- Authors
- Name
Overview
Following the Hadoop build guide, I will share the Cluster mode installation method.
Extracting the Binary File
Find the desired version of Hadoop at https://hadoop.apache.org/releases.html. Instead of using a Hadoop release version, I installed using the binary built from the source of the latest development branch (trunk) Hadoop 3.4 version. Reference: How to build Hadoop 3.4
wget https://dlcdn.apache.org/hadoop/common/hadoop-3.3.4/hadoop-3.3.4.tar.gz
tar -zxvf hadoop-3.3.4.tar.gz
sudo cp -r hadoop-3.4.4 /usr/local/hadoop
Setting Environment Variables: ~/.bashrc
export JAVA_HOME=/usr/lib/jvm/java-8-openjdk-amd64
export HADOOP_HOME=/usr/local/hadoop
export HADOOP_MAPRED_HOME=$HADOOP_HOME
export HADOOP_COMMON_HOME=$HADOOP_HOME
export HADOOP_HDFS_HOME=$HADOOP_HOME
export YARN_HOME=$HADOOP_HOME
export HADOOP_CONF_DIR=$HADOOP_HOME/etc/hadoop
export YARN_CONF_DIR=$HADOOP_HOME/etc/hadoop
export HADOOP_YARN_USER=${HADOOP_YARN_USER:-yarn}
export ZOOKEEPER_HOME=/usr/local/zookeeper
export HBASE_HOME=/usr/local/hbase
export HADOOP_CLASSPATH=${JAVA_HOME}/lib/tools.jar
export HIVE_HOME=/usr/local/hive
export SPARK_HOME=/usr/local/spark
PATH=$PATH:$HADOOP_HOME/bin:$HADOOP_HOME/sbin:$ZOOKEEPER_HOME/bin:$HBASE_HOME/bin:$JAVA_HOME/bin:$HIVE_HOME/bin:$SPARK_HOME/bin
Configuration Changes
HDFS configuration
<configuration>
<property>
<name>fs.default.name</name>
<value>hdfs://ubuntu01:9000</value>
</property>
<property>
<name>hadoop.tmp.dir</name>
<value>/usr/local/hadoop/tmp</value>
</property>
</configuration>
<configuration>
<property>
<name>dfs.replication</name>
<value>3</value>
</property>
<property>
<name>dfs.permissions.enabled</name>
<value>false</value>
</property>
<property>
<name>dfs.webhdfs.enabled</name>
<value>true</value>
</property>
<property>
<name>dfs.namenode.name.dir</name>
<value>/dfs/nn</value>
</property>
<property>
<name>dfs.datanode.data.dir</name>
<value>/dfs/dn</value>
</property>
</configuration>
Add the following content to hadoop-env.sh.
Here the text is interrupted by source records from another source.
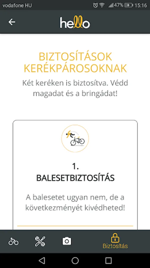 - Forget the cumbersome administration, tie accident liability and property insurance for a few minutes through the application Biker Hello!
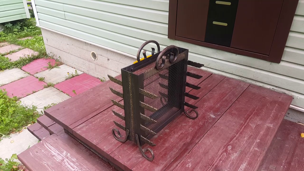 Очень красиво смотрятся кованые изделия, украшенные различными узорами и фигурами. Такие типы изделий обязательно оборудуют дополнительными полками, отсеками для дров, колёсами и подставками.
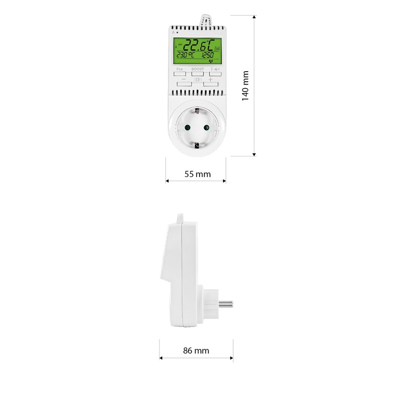Elektrobock Plug Thermostat TS30 for Electric Heaters RAL 9010 Pure White Normal
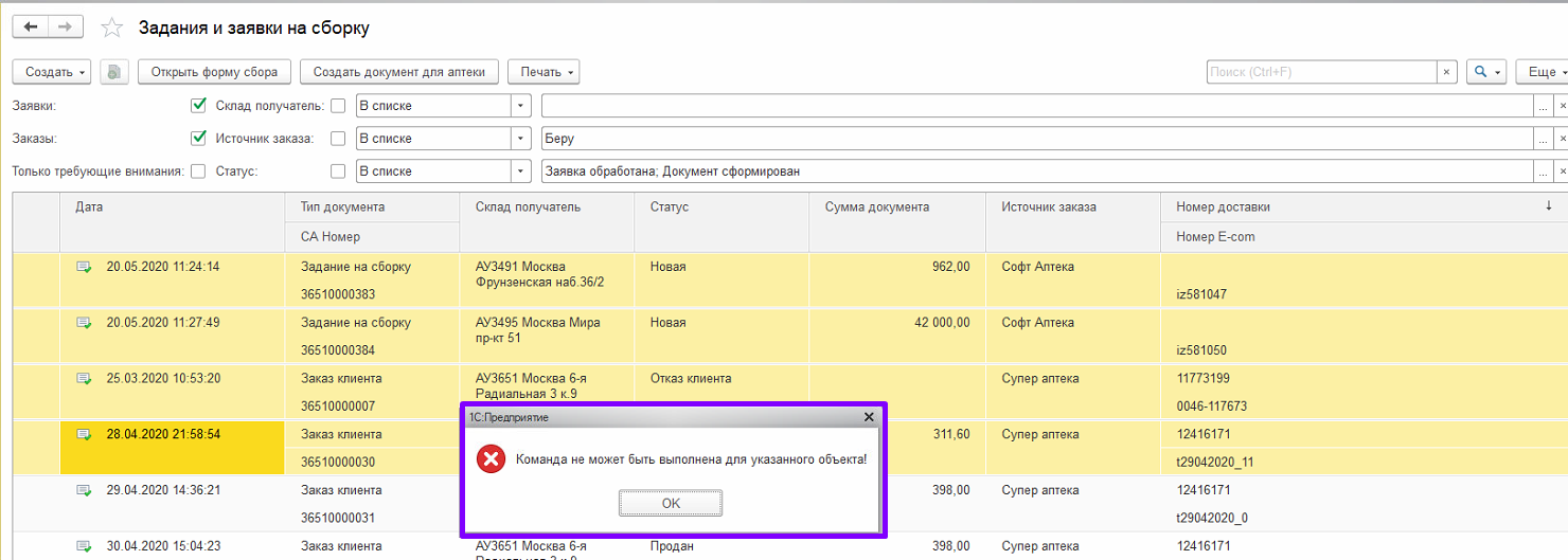 В задания на сборку – все сформированные заявки на товар по заказам других точек аптечной сети.
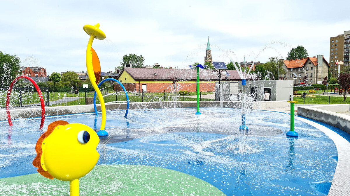 W ubiegłym roku powstała niecka z urządzeniami, strefa wypoczynku, siedziska i ścieżki. Teraz zamontowano kilkanaście urządzeń znajdujących się w strefie wodnej zabawy m.in. wulkan, rybkę, dżdżownicę, tunel czy żabkę. Obiekt jest wyposażony w brodziki i został dostosowany do osób z niepełnosprawnościami. Wieczorami zaplanowano pokaz podświetlanych fontann.
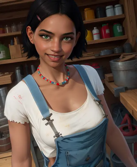 jindi, green eyes, black hair, hair clip, --- short hair, or medium hair,
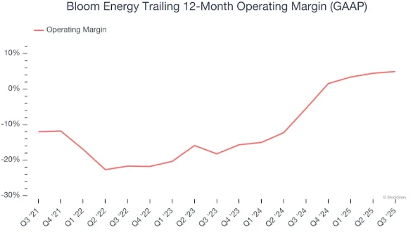 在第三季度,$Bloom Energy (BE.US)$的营业利润率达到了 1.5%,较去年同期增长了 4.4 个百分点。由于其毛利率的增长幅度超过了营业利润率的增长幅度,因此可以推断,其销售成本的杠杆作用是近期效率提升的主要原因。

export JAVA_HOME=/usr/lib/jvm/java-8-openjdk-amd64
export HDFS_NAMENODE_USER=root
export HDFS_SECONDARYNAMENODE_USER=root
export HDFS_DATANODE_USER=root
export YARN_RESOURCEMANAGER_USER=root
export YARN_NODEMANAGER_USER=root
ubuntu02
ubuntu03
ubuntu04
ubuntu05
ubuntu06
YARN configuration
<configuration>
<property>
<name>yarn.nodemanager.aux-services</name>
<value>mapreduce_shuffle</value>
</property>
<property>
<name>yarn.nodemanager.aux-services.mapreduce.shuffle.class</name>
<value>org.apache.hadoop.mapred.ShuffleHandler</value>
</property>
<property>
<name>yarn.resourcemanager.resource-tracker.address</name>
<value>ubuntu01:8025</value>
</property>
<property>
<name>yarn.resourcemanager.scheduler.address</name>
<value>ubuntu01:8030</value>
</property>
<property>
<name>yarn.resourcemanager.address</name>
<value>ubuntu01:8040</value>
</property>
</configuration>
Key Distribution
Run the following command on the master node and press Enter repeatedly.
ssh-keygen
Generating public/private rsa key pair.
Enter file in which to save the key (/root/.ssh/id_rsa):
Enter passphrase (empty for no passphrase):
Enter same passphrase again:
Your identification has been saved in /root/.ssh/id_rsa
Your public key has been saved in /root/.ssh/id_rsa.pub
The key fingerprint is:
SHA256:D7CPU5pl7TUrMINhMzsO/ZVEXOE2YI73M/HCcDruhAQ root@yxxxxx
The key's randomart image is:
+---[RSA 3072]----+
| .+.o. |
| =.o |
| E . = * |
Copy the generated RSA public key under ~/.ssh/ to ~/.ssh/authorized_keys on all nodes (including the master node).
cat ~/.ssh/id_rsa.pub
ssh-rsa AAAAB3NzaC1yc2EAAAADSxxxxxxxx...mmn8= root@yxxxxxx
Create the ~/.ssh folder on all nodes. (For the master node, the ~/.ssh folder should already have been created during the keygen process.) Open an editor and add the master's public key copied above to ~/.ssh/authorized_keys.
mkdir ~/.ssh
vim ~/.ssh/authorized_keys
namenode format
Execute the following command on the master node (ubuntu01).
hdfs naemnode -format
Starting the Hadoop Cluster
Running the following command will start the namenode and resource-manager on the master node ubuntu01, and node-manager on the worker nodes ubuntu02 through ubuntu06.
start-all.sh
Check the running Hadoop processes with the jps command.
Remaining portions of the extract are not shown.